ÖZEL İSTEKLERE CEVAP VEREN POZİSYONLAR
Yeni duygular tatma isteği, insanların çoğunu cinsel birleşmede mümkün olan yüzlerce pozisyonu denemeye itmektedir. Daha az kullanılan pozisyonlardan bazıları ise yeniliğin ötesinde bazı fiziksel ve psikolojik sorunları çözümlemeye yarar. Gebe bir kadın için, şişman olan eşler, sırt ağrısı çekenler, penisi kısa olanlar için ve eşi kendisinden uzun ya da kısa olanlar için hiç denenmemiş hatta düşünülmemiş bir pozisyon en iyisi olabilir. Doğru pozisyonun seçimi, hiç orgazma varamayan bir kadının orgazma varmasına ya da iktidarsız bir erkeğin sorununun üstesinden gelmesine, hatta görünüşte kısır olan bir çiftin çocuklarının olmasına yardım edebilir.

BAKİRELERE UYGUN POZİSYONLAR
İlk kez ilişkide bulunanların çoğu “misyoner” pozisyonunu seçmektedir. Bakire kadın ve bakir erkekler için pozisyon ve şekli çok önemli değildir. Yaklaşım, yavaş ve düşünceli olmalıdır. Ön hazırlık vajinanın kaygınlığını sağlar ve özellikle geçmişteki “petting” deneyimleri, kadının kızlık zarını genişletmiş ya da yırtmışsa, kadının rahatsızlığı azalır.

GEBE KALMAK İÇİN UYGUN POZİSYONLAR
Kadın, dizleriyle erkeğin omuzlarına dayanır. Bu, kilolu kadınlarda tam birleşmeye ve spermlerin rahim ağzının yakınında birikmesine yardım eder.
Diz çökmüş olarak yapılan arka yolla birleşme, eğer rahim retrovers (arkaya dönük) ise spermlerin rahim kanalına ulaşmasını sağlar.

SORUNLU KİŞİLER İÇİN POZİSYONLAR
Kadın, erkeğin üzerinde doğrulur. Bu pozisyon kadının vajinası darsa tam birleşmeye ulaşılmasını sağlar.
Bu yan yana arka yolla birleşme pozisyonu zayıf ereksiyon sorunu olan erkeklere önerilir.

Kadının üstte olduğu bu pozisyon, erkek iktidarsızlığının ve erken boşalmanın tedavisi olarak önerilir. Ayrıca orgazm olmayan kadınların tedavisinde başlangıç pozisyonu olarak yararlanılır.

Bu yan yana pozisyon kadının istem dışı kalça hareketlerini daha kolaylaştırır ve orgazma ulaşmasında yardımcı olur. Bir önceki pozisyonun devamı olarak önerilir.

GEBELİK SIRASINDAKİ POZİSYONLAR
Geçmişteki kendiliğinden düşükler nedeniyle, doktor tarafından ilk üç ayda ilişki yasaklanmamışsa, gebelik süresince önerilir. Çift, normal ilişkide bulunabilir. Gebeliğin ilerlemesi ve karnın büyümesi ile klasik ilişkiler zor ya da olanaksız olmaya başlar. İleri gebelik dönemindeki bir kadın için karına doğrudan basınç yapılmasıından sakınan ya da en azından birleşmenin derinliğini denetlemeye izin veren pozisyonlar gereklidir.
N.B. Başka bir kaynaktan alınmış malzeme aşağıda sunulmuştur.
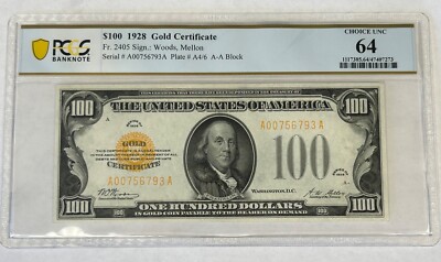 1928 $100 Hundred Dollar Gold Certificate Note Fr 2405 PCGS Choice New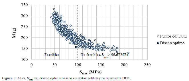Los valores de M, Smax y fpandeo asociados a cada una de la muestras del DOE fueron determinados usando análisis de propiedades de masa, y simulaciones numéricas basada en elementos finitos ( Smax y fpandeo ) con estudios estático lineal y pandeo no lineal disponibles en el programa ANSYS Workbench®, respectivamente.

Eşler, yatak üzerinde bir arka yolla birleşme pozisyonunda diz çökerler ve erkek, çok derine itmekten kaçınır.
Kadın, bacakları, vücudunu taşıyacak şekilde, açık olarak yatar. Karın üzerine basıncın olmaması bu pozisyonu gebeliğin son dönemlerine uygun kılar. Çift, arka yolla birleşmek için yan yatar. Burada da karına baskı yoktur.
Çift bir sandalye üzerinde birbirine sarılır. Kadın, erkeğin üzerine oturur. Böylece birleşmenin derinliği denetlenebilir.

SIRT AĞRISI ÇEKENLER İÇİN POZİSYONLAR
Sırt ağrısı çeken kişiler alışagelmiş pozisyonlarda çok rahatsız olabilirler. Oysa sıklıkla daha az kullanılan yöntemlerden yararlanabilirler ya da en azından onlara katlanabilirler. Şefkatli bir eş bu pozisyonları bulmaya çalışacaktır. İşte sırt ağrısı çeken kişilerin çoğuna uygun dört pozisyon.

Erkek yatağa yatar, kadın ata biner gibi oturur, öne eğilir. Sırt ağrısı çeken erkektir.
Erkek arka yolla birleşmek üzere ayakta durur, kadın aşağıda, yatağın üzerinde diz çöker. Sırt ağrısı olan erkektir.
Kadın yatağa yatar, erkek ise bacakları arasında ileriye doğru kendini kaldırır. Ağrısı olan kadındır.
Bir sandalye üzerinde yüz yüze, kadın erkeğin üzerine pelvik darbeler yapabilecek şekilde oturur. Ağrısı olan erkektir.